**SOURCE DATA**
####

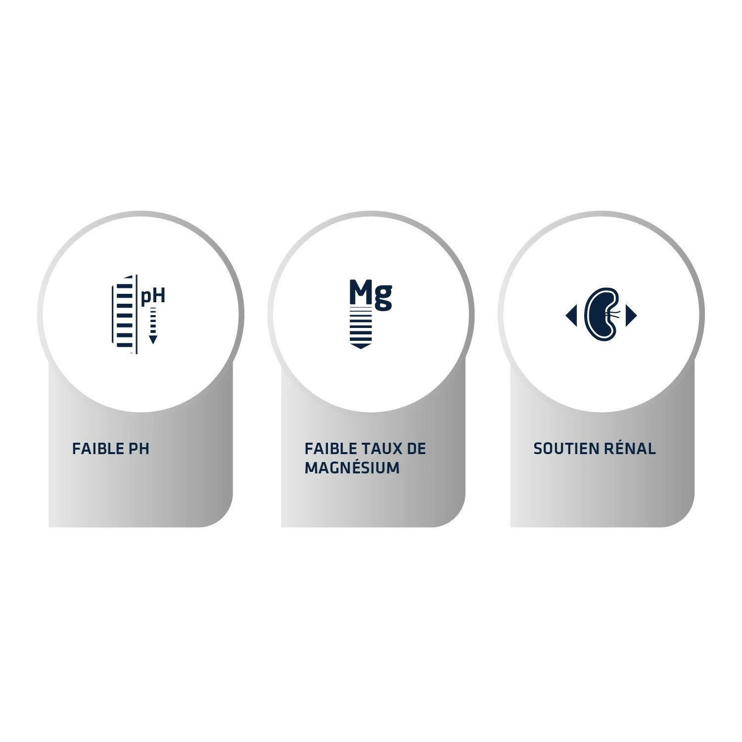 - l’acidification de l’urine: pour rĂ©duire la formation des calculs de struvite (Phosphates Ammoniaco-MagnĂ©siens) et diminuer la disponibilitĂ© des ions phosphate.
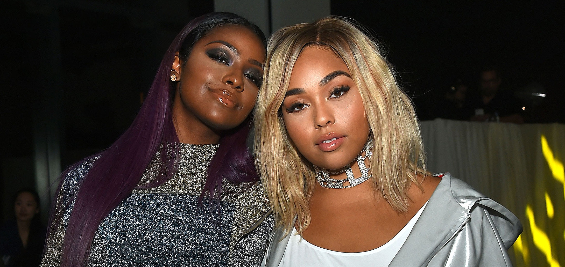 Jordyn Woods lets her silver jacket hang off her shoulder while attending the VFILES fashion show held during 2016 New…
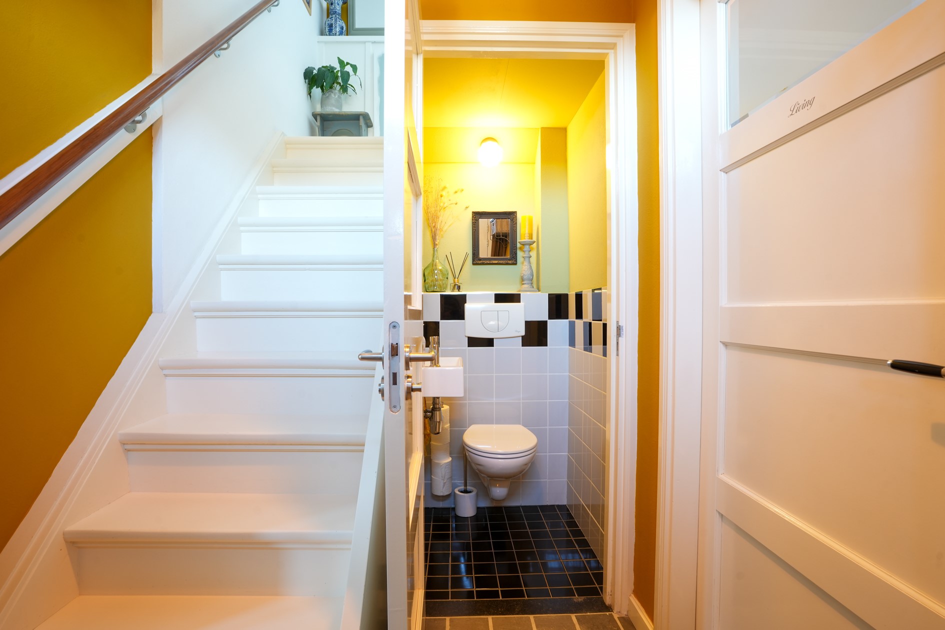 Toilet voorzien van hangend closet en fontein, halfhoog betegeld
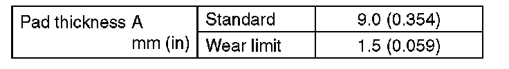 If the pad is worn to the limit, the end of wear indicator contacts disc rotor, and a squeaking sound is heard as the wheel rotates. If the sound is heard, replace the pad.

####

**REQUIRED WORK**
The expected output is the exact run of lines from the first line of the material above through the line that contains "Toilet voorzien van", minus any pictures.

**REPLY**
 - l’acidification de l’urine: pour rĂ©duire la formation des calculs de struvite (Phosphates Ammoniaco-MagnĂ©siens) et diminuer la disponibilitĂ© des ions phosphate.
 Jordyn Woods lets her silver jacket hang off her shoulder while attending the VFILES fashion show held during 2016 New…
 Toilet voorzien van hangend closet en fontein, halfhoog betegeld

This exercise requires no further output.